= Deutsche Mythologie =

1835 treatise by Jacob Grimm

Deutsche Mythologie (/de/, Teutonic Mythology) is a treatise on Germanic mythology by Jacob Grimm. First published in Germany in 1835, the work is an exhaustive treatment of the subject, tracing the mythology and beliefs of the ancient Germanic peoples from their earliest attestations to their survivals in modern traditions, folktales and popular expressions.

== Content ==
The structure of the Deutsche Mythologie is fairly encyclopaedic. The articles and chapters are discursive of philological, historical, folkloristic, and poetic aspects of the pre-Christian Germanic religions. The sources are varied epochally and geographically. In many instances, Grimm cites the North and West Germanic variants of a religious entity; thus the entry on Thor is titled 'Donar, Thunar (Thôrr)'. Older Germanic words, particularly those concerning ritual, are often compared to Latin equivalents, as evident in the table of contents.
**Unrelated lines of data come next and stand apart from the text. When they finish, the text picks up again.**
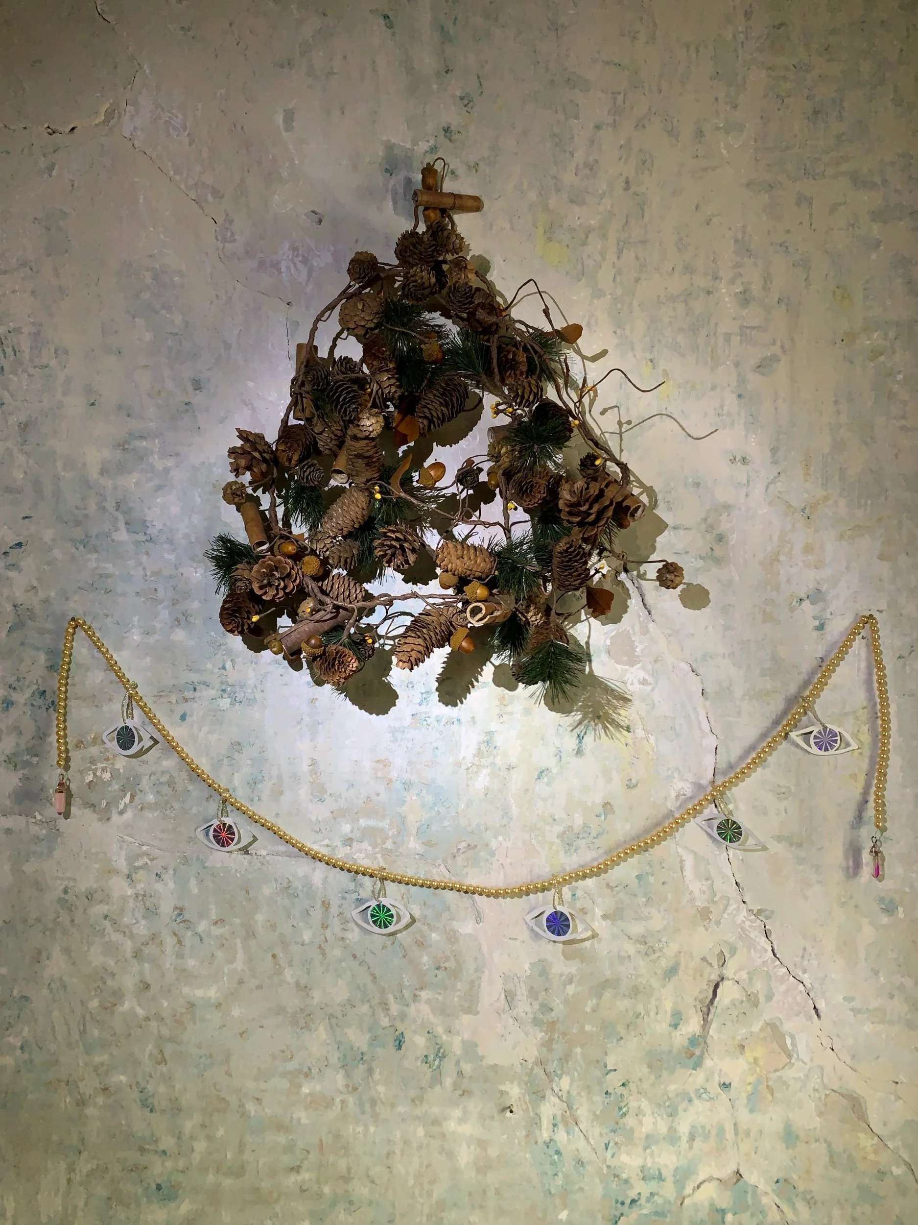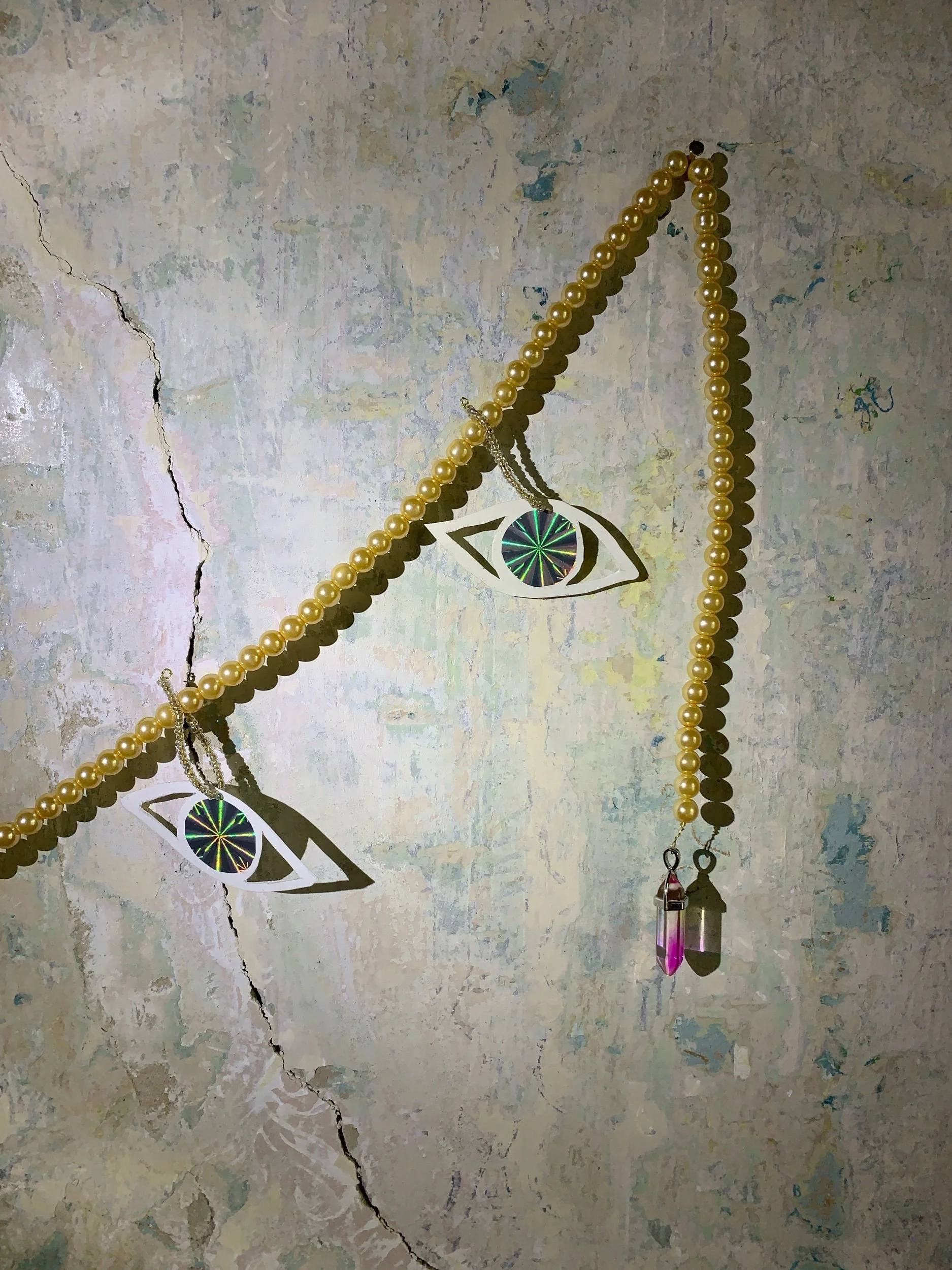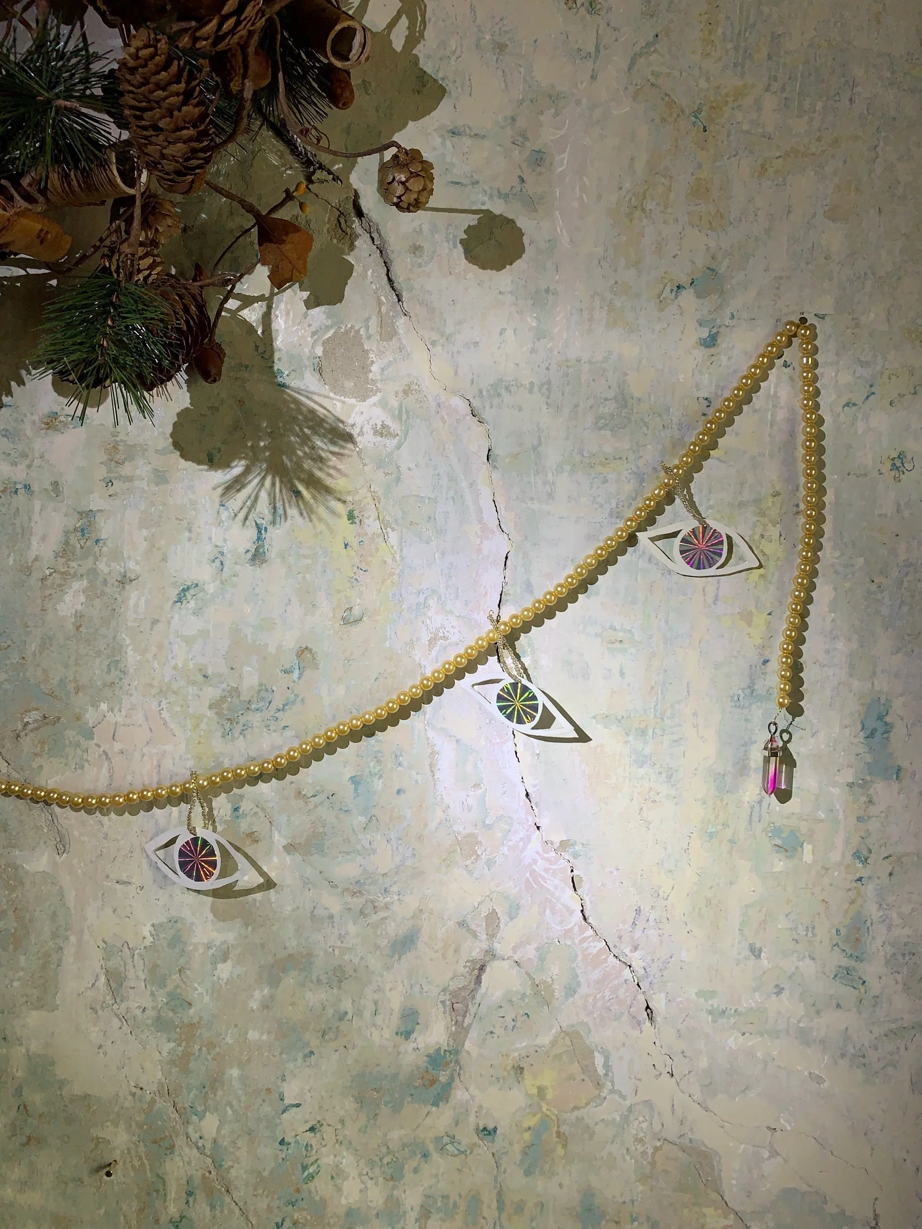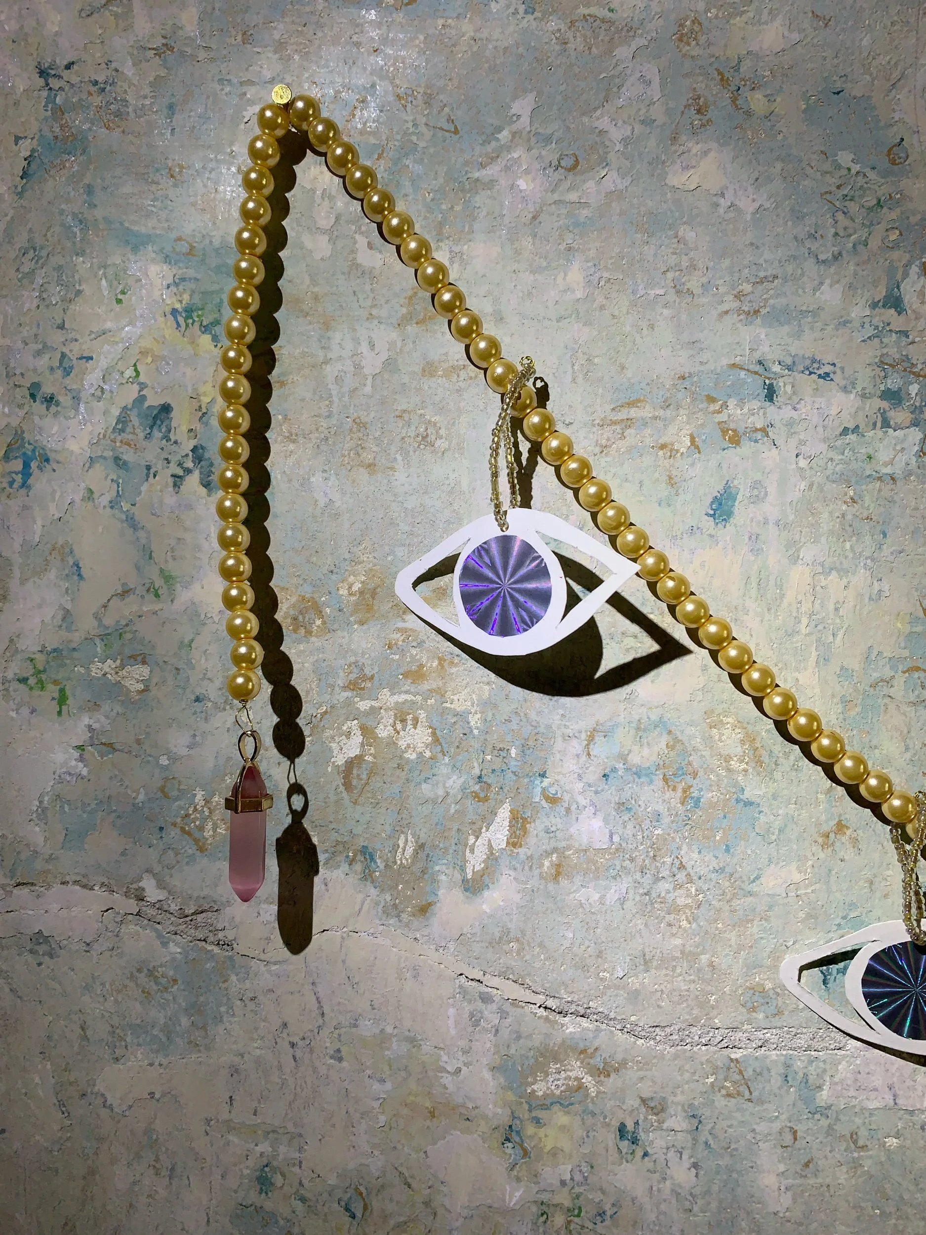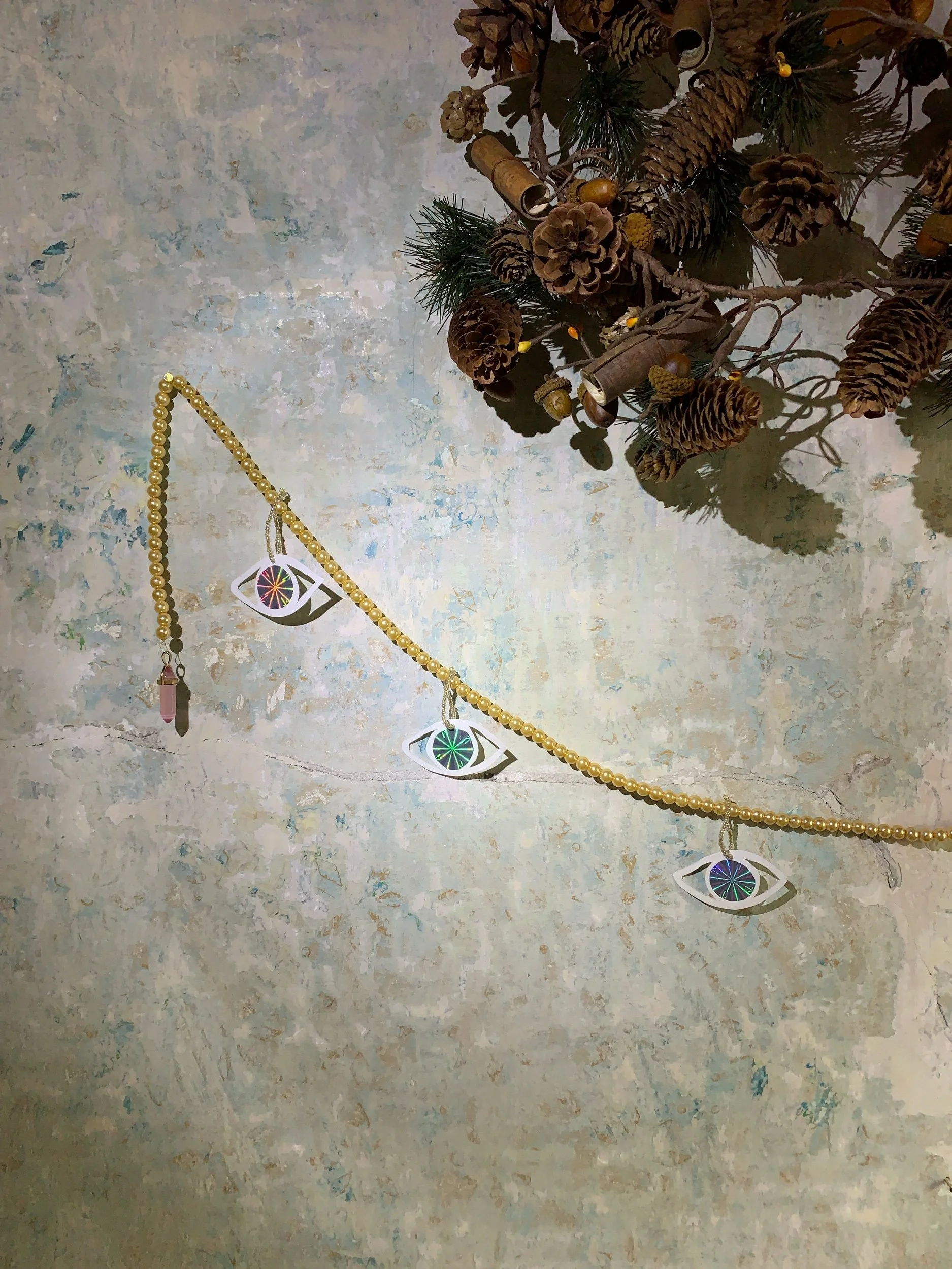 Home decoration made with beads with six paper eyes. 150 cms long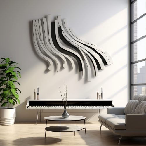 Create a wall art decoration featuring an abstract or stylized piano shape. The design should be in black and white, with a balance of light and shadow to give depth and dimension. The piano can be either upright or grand, but it should be the central focus of the piece. Add subtle artistic elements to make the design unique, while maintaining a minimalistic approach. The overall composition should be aesthetically pleasing and suitable for display on a wall.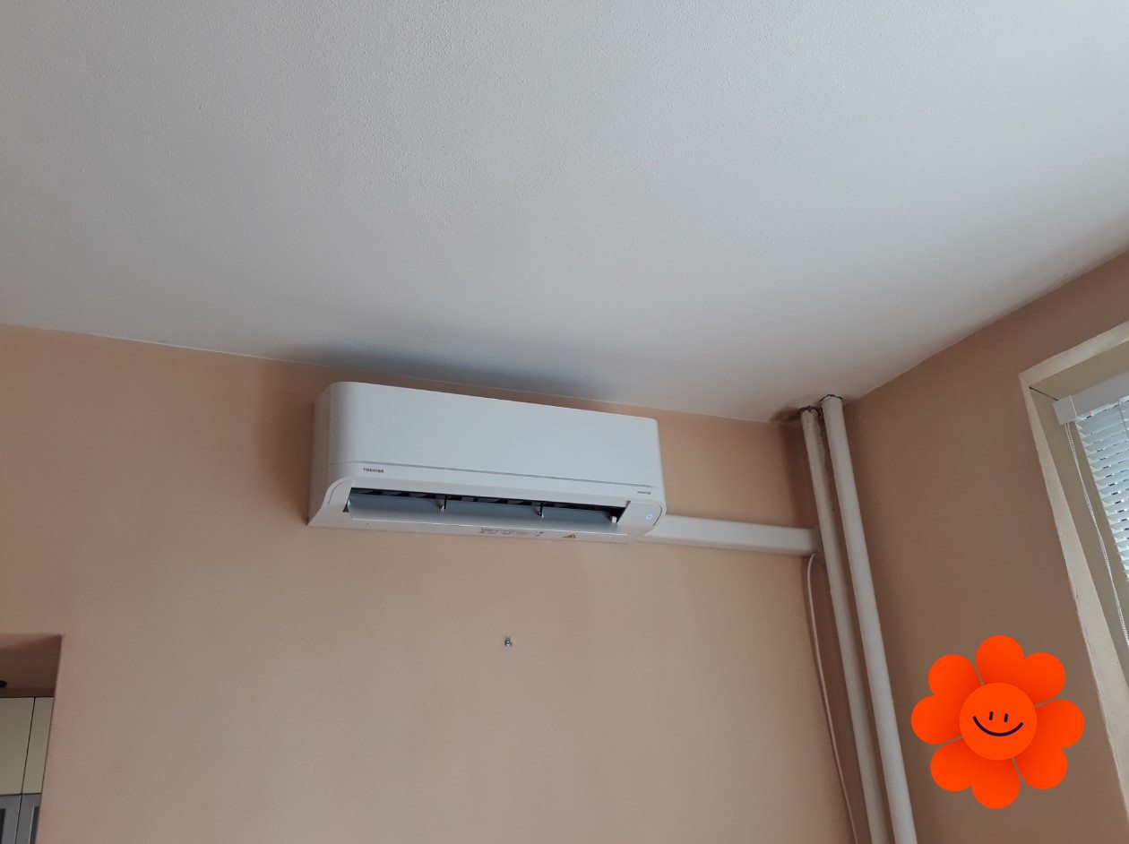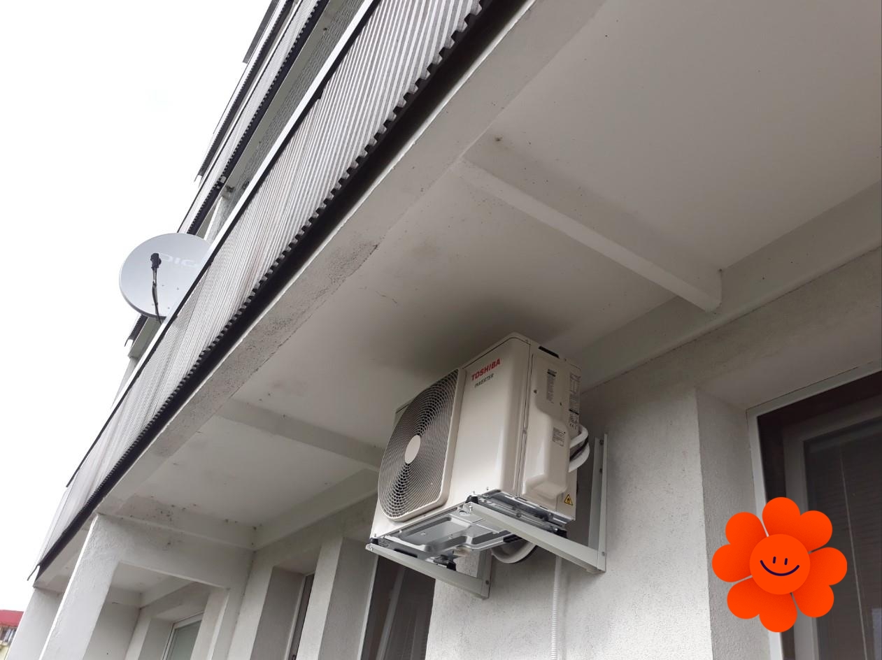Montáž klimatizácie Toshiba Suzumi Plus do rohu v byte. Rozvody v plastovom potrubí vedené cez stenu k vonkajšej jednotke uchytenej na konzolách vo výške.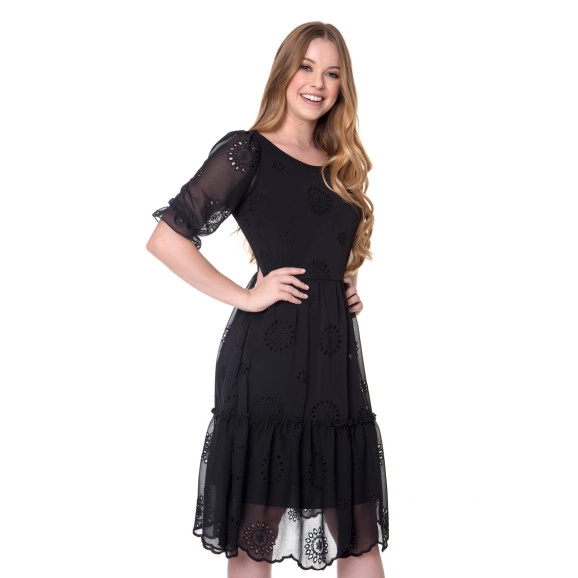 Vestido em tecido plano com aspecto de laise barrado. Decote redondo, mangas levemente bufantes com babado. Saia com shape mais volumoso com babado. Costas com detalhe em lastex e amarril. Possui forro.Composição 100% poliéster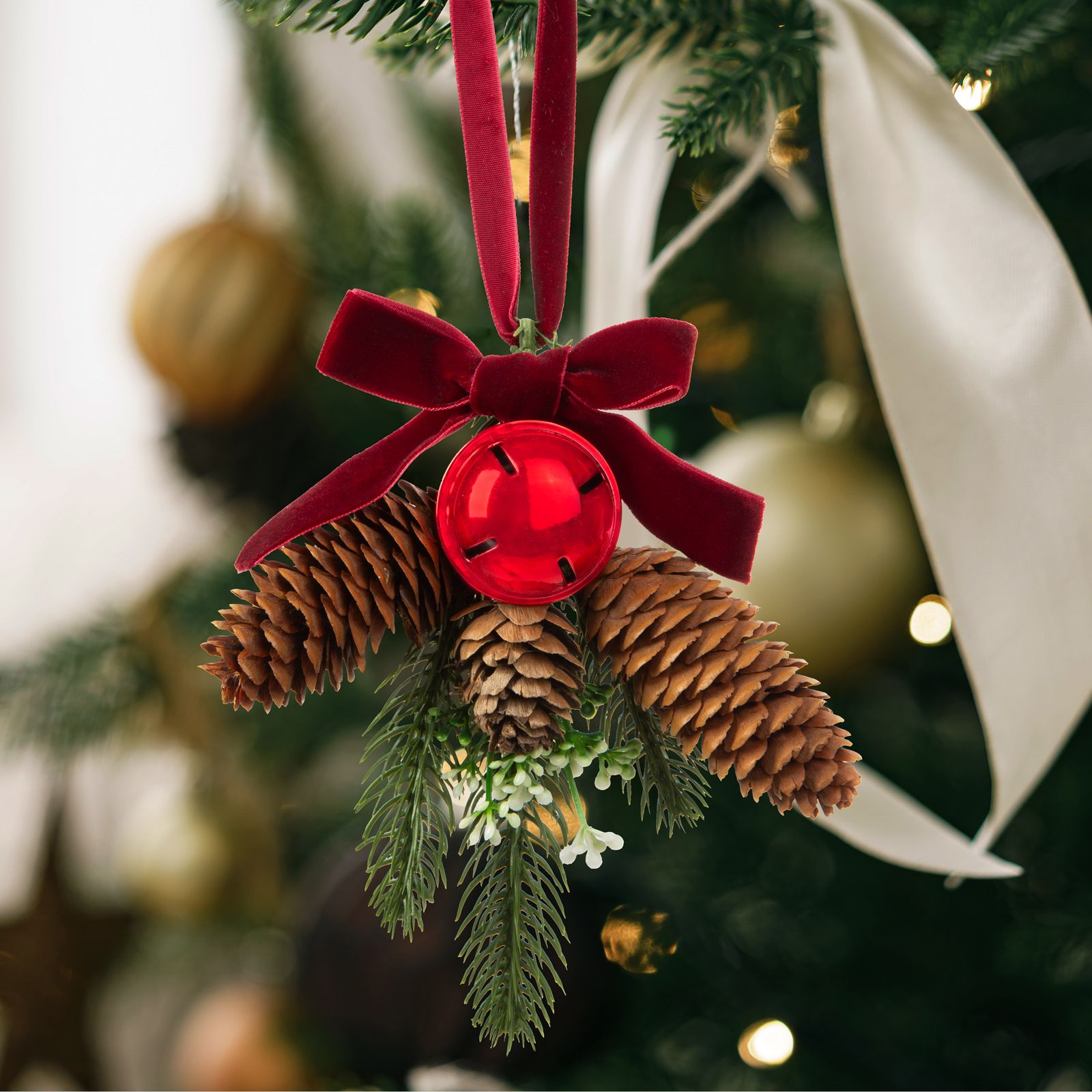 Karácsonyi ajtódekoráció - műfenyő, tobozzal, piros gömbbel - 16 x 15 cm

==Historiographical importance==

The Deutsche Mythologie was an influential study; it has been called 'seminal, and largely unsurpassed'. Previous studies of Germanic mythology had tended to focus strictly on gods, whereas Grimm 'examined the totality of Germanic religious experience, from the creation narratives of the Prose Edda to the superstitions of the German peasant'. Grimm was not given to explicit discussions of method, but his study implies a set of 'buried theses' which were important to the development of scholarship on mythology: that the study of words as well as stories can reveal past belief-systems, and that 'just as Primitive Germanic word-forms could be "reconstructed" on a comparative basis, so could Primitive Germanic concepts, and the mythology in which they were embedded'. Grimm also assumed a 'thesis of continuity', whereby later sources could be seen as representations of earlier culture, due to the historical continuities between the two.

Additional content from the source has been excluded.